In this lecture, we will continue our discussion of data models and database system architecture, looking in more detail at the relational model.
There is a lot of reading for this lecture. You should start early and try to digest it all, as it lays the foundation for much of what is to come. The papers are:
- Stonebraker, Michael, and Joseph Hellerstein. "What Goes Around Comes Around." In Readings in Database Systems (aka the Red Book), or online here (PDF). Read sections 1-4 (if you know something about XML, you may also enjoy reading sections 10 and 11).
- Codd, E. F. "A Relational Model of Data for Large Shared Data Banks." Communications of the ACM 13, no. 6 (1970): 377-387. (Focus on sections 1.3 and all of section 2.)
You may also find in useful to read pages 57-63 of Ramakrishnan and Gehrke for a brief overview of the relational model.
As you read these papers, think about and be prepared to answer the following questions in Lecture:
- What is the notion of data independence?

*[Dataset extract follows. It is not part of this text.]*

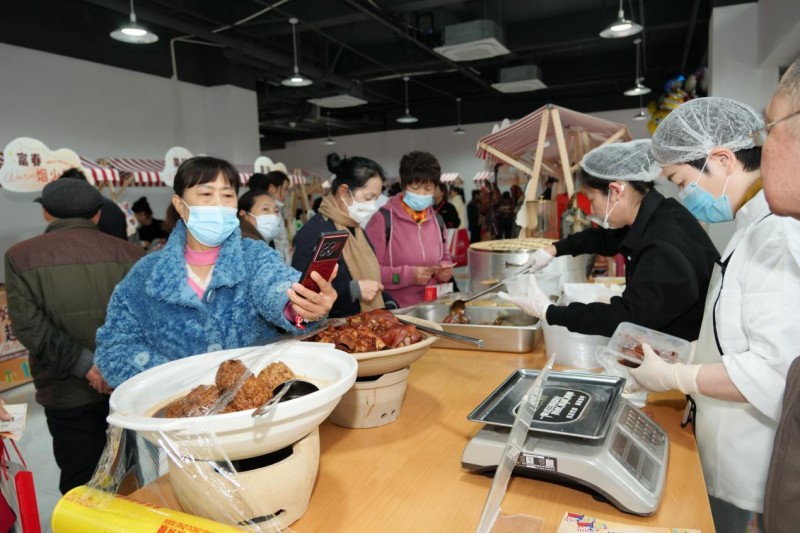 美食体验区堪称全场“人气担当”,慢炖滋补汤、低糖水果等适老美食,遵循低盐低糖、软烂易嚼的标准,精准匹配长者饮食需求;酱货、公寓餐厅招牌餐品、富阳本地特色小吃等丰富品类,则兼顾邻里口味偏好。工作人员热情递上试吃品,不少居民边尝边赞,直言“味道地道、选择多样,特别对胃口”。

Why is it important?
- Codd spends a fair amount of time talking about "Normal forms". Why is it important that a database be stored in a normal form?
- What are the key ideas behind the relational model? Why are they an improvement over what came before? In what ways is the relational model restrictive?
- What, according to Codd, are the most important differences between the "hierarchical" model (as exemplified by systems like IMS) and the relational model that Codd proposes? Make sure you understand what Codd means by "Data Dependencies".